As filed with the Securities and Exchange Commission on November 20, 2006
Registration No. 333-126249
UNITED STATES
SECURITIES AND EXCHANGE COMMISSION
Washington, D.C. 20549
FORM S-8
REGISTRATION STATEMENT UNDER THE SECURITIES ACT OF 1933
AMERICHIP INTERNATIONAL INC.
(Exact name of registrant as specified in its charter)
Nevada | 35701 | 98-0339467 | ||
(State or jurisdiction of incorporation or organization) | (Primary Standard Industrial Classification Code Number) | (I.R.S. Employer Identification No.) |
9282 GENERAL DRIVE, SUITE 100, PLYMOUTH, MI | 48170 | |
(Address of principal executive offices) | (Zip Code) |
Registrant's telephone number, including area code (734) 207-0334
2003 NON-QUALIFIED INCENTIVE STOCK OPTION PLAN
(Full title of the plan)
Copies of all communications, including all communications sent to the agent for service, should be sent to:
Joseph I. Emas, Attorney at Law
1224 Washington Avenue
Miami Beach, Florida 33139
Telephone: 305.531.1174
CALCULATION OF REGISTRATION FEE
Title of Securities to be Registered | Amount to be Registered | Proposed Maximum Offering Price Per Share | Proposed Maximum Aggregate Offering Price | Amount of Registration Fee |
Common Stock, $0.001 par value | 30,000,000(1) | $0.245(2) | $735,000(2) | $78.65(2) |
(1) | Represents shares reserved for issuance upon exercise of options granted under the Registrant's 2003 Non-Qualified Incentive Stock Option Plan. Shares available for issuance under the 2003 Non-Qualified Incentive Stock Option Plan were initially registered on a registration statement on Form S-8 filed with the Securities and Exchange Commission on October 22, 2003 (Registration No. 333-109870) and additional shares were registered subsequently by a Post-Effective Amendment filed with the Securities and Exchange Commission on December 12, 2003 and Post-Effective Amendments filed with the Securities and Exchange Commission on May 26, 2004, August 4, 2005 an December 12, 2005, March 28, 2006 and July 26, 2006. |
(2) | Estimated solely for the purpose of calculating the registration fee in accordance with Rules 457 (c) and 457(h) under the Securities Act of 1933 and based upon an average of the high and low prices reported on the over-the-counter bulletin board on November 17, 2006. |
REGISTRATION OF ADDITIONAL SHARES
PURSUANT TO GENERAL INSTRUCTION E
This registration statement on Form S-8 registers 30,000,000 additional shares of common stock for issuance under the Registrant's 2003 Non-Qualified Incentive Stock Option Plan, pursuant to the terms of that plan. This registration statement on Form S-8 hereby incorporates by reference the contents of the Registrant’s registration statements on Form S-8 (Registration No. 333-109870) filed by the Registrant with the Securities and Exchange Commission on October 22, 2003 and amended by a Post-Effective Amendment filed by the registrant with the Securities and Exchange Commission on December 12, 2003 and Post-Effective Amendments filed with the Securities and Exchange Commission on May 26, 2004, August 4, 2005, December 12, 2005, March 28, 2006 and July 26, 2006.
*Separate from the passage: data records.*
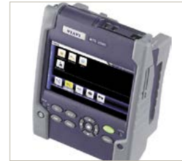
For more fiber testing and certification capabilities, combine the Certifier40G with one of the market-leading VIAVI fiber testers, such as the T-BERD/MTS-2000 and OLTS-85P
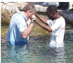
Preparing for baptismal

SO, if you know anyone who feels called to the mission field, encourage them through prayer to consider filling this role here in Haiti. Medical experience is helpful but not limited to doctor's or nurses (Pharmacists, Pharmacy techs, etc.) please contact CSI in Muncie.
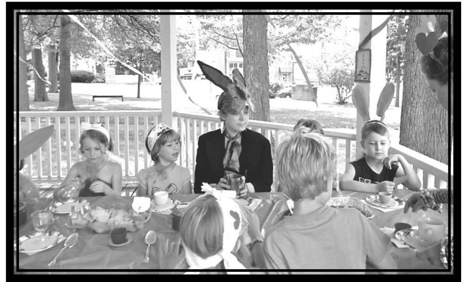
The Alice in Wonderland Tea Party, from the summer Enchanted Friday program

OPEN: Monday 9-5, Tuesday 11-8, Wednesday 11-8, Thursday 1-7, Friday 9-5, & Saturday 10-2

Pursuant to the requirements of the Securities Act of 1933, the Registrant certifies that it has reasonable grounds to believe that it meets all of the requirements for filing on Form S-8 and has duly caused this Registration Statement to be signed on its behalf by the undersigned, thereunto duly authorized, in the City of Detroit, State of Michigan on this 3rd day of November, 2006.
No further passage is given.